Goal of the exercise: Only an exact copy belongs in the answer: the line with "表中有所得数据均来自于一种typeClass,其下有 m1 m2" and every line after it through the end of the records, pictures left out.

Record extracts:
▼

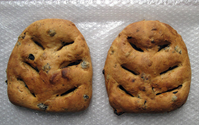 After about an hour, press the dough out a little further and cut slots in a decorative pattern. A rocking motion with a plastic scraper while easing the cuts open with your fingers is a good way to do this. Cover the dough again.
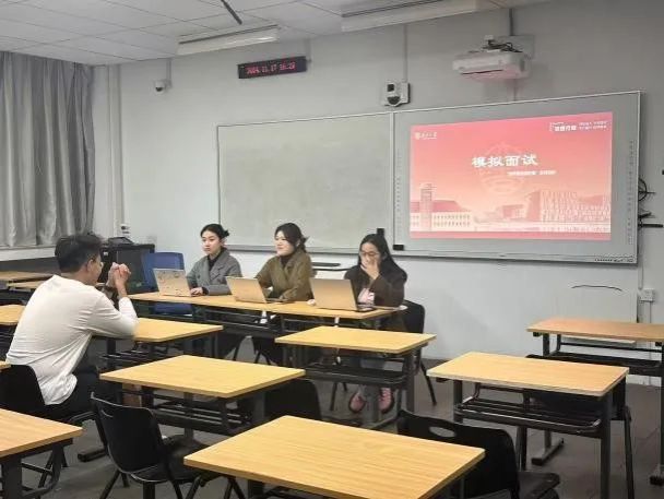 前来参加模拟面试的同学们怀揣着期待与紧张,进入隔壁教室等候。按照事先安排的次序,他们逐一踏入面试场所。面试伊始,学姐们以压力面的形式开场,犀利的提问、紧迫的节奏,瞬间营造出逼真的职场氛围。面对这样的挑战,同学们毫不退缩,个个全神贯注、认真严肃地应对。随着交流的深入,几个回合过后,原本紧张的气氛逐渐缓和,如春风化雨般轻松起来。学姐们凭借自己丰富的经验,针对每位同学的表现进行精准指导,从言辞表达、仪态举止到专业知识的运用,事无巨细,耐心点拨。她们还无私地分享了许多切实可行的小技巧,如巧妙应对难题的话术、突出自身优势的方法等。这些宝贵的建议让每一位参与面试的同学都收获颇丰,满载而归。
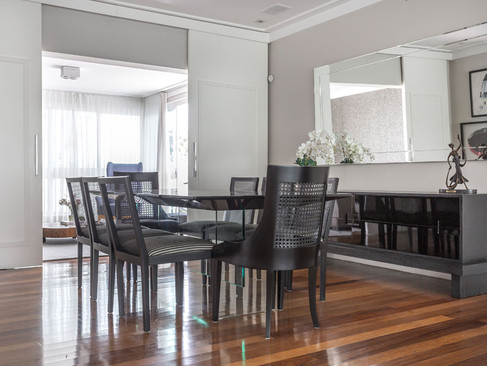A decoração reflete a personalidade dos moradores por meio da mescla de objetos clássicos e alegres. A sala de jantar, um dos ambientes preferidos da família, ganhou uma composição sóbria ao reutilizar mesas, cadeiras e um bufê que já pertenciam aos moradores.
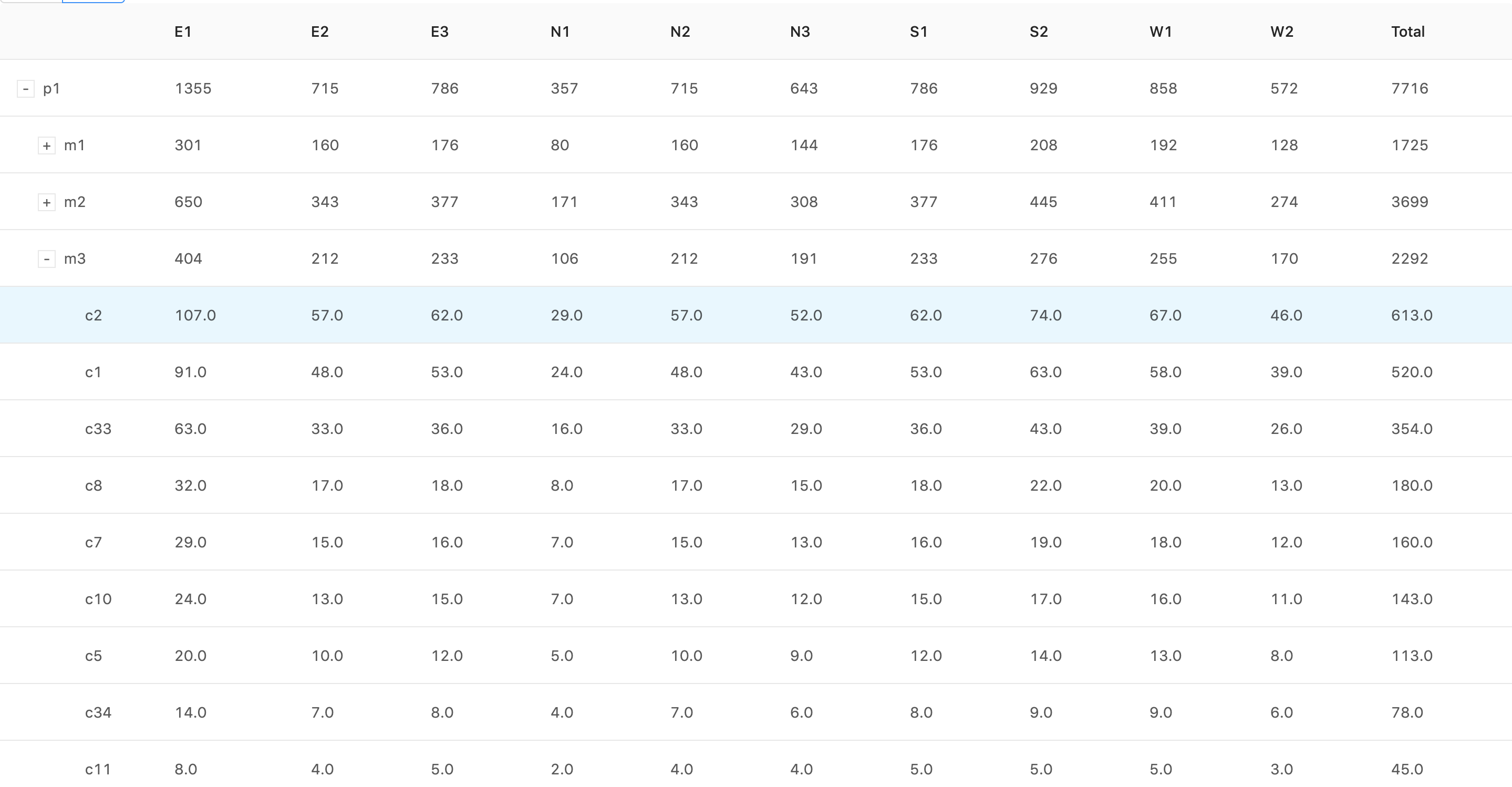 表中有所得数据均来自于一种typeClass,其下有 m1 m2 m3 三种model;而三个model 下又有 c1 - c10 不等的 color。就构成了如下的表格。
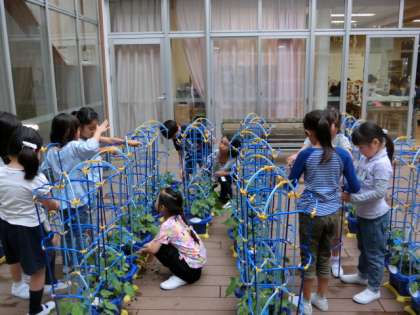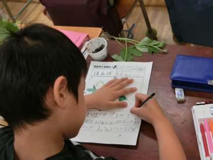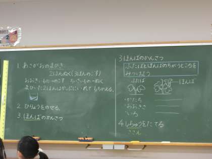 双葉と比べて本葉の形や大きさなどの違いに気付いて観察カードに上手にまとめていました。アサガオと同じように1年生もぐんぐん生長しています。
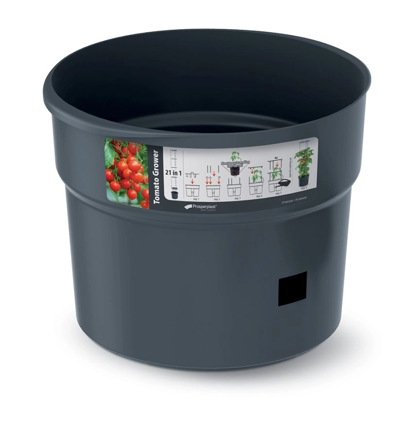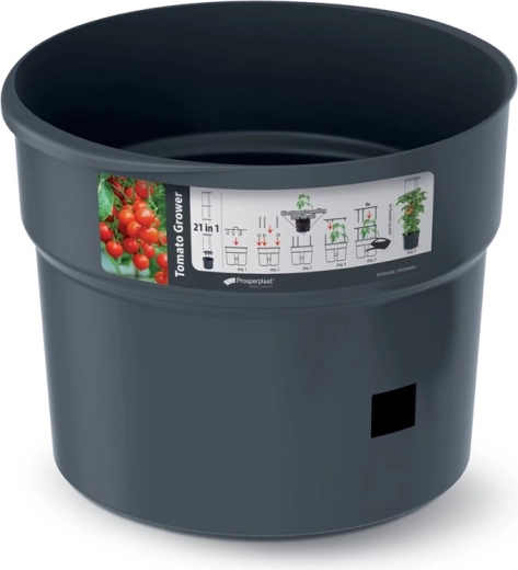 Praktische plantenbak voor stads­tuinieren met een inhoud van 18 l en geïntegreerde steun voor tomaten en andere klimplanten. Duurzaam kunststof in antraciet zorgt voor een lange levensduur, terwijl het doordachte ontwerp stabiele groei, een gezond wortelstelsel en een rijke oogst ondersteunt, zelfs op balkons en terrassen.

▲

Reply:
 表中有所得数据均来自于一种typeClass,其下有 m1 m2 m3 三种model;而三个model 下又有 c1 - c10 不等的 color。就构成了如下的表格。
 双葉と比べて本葉の形や大きさなどの違いに気付いて観察カードに上手にまとめていました。アサガオと同じように1年生もぐんぐん生長しています。
 Praktische plantenbak voor stads­tuinieren met een inhoud van 18 l en geïntegreerde steun voor tomaten en andere klimplanten. Duurzaam kunststof in antraciet zorgt voor een lange levensduur, terwijl het doordachte ontwerp stabiele groei, een gezond wortelstelsel en een rijke oogst ondersteunt, zelfs op balkons en terrassen.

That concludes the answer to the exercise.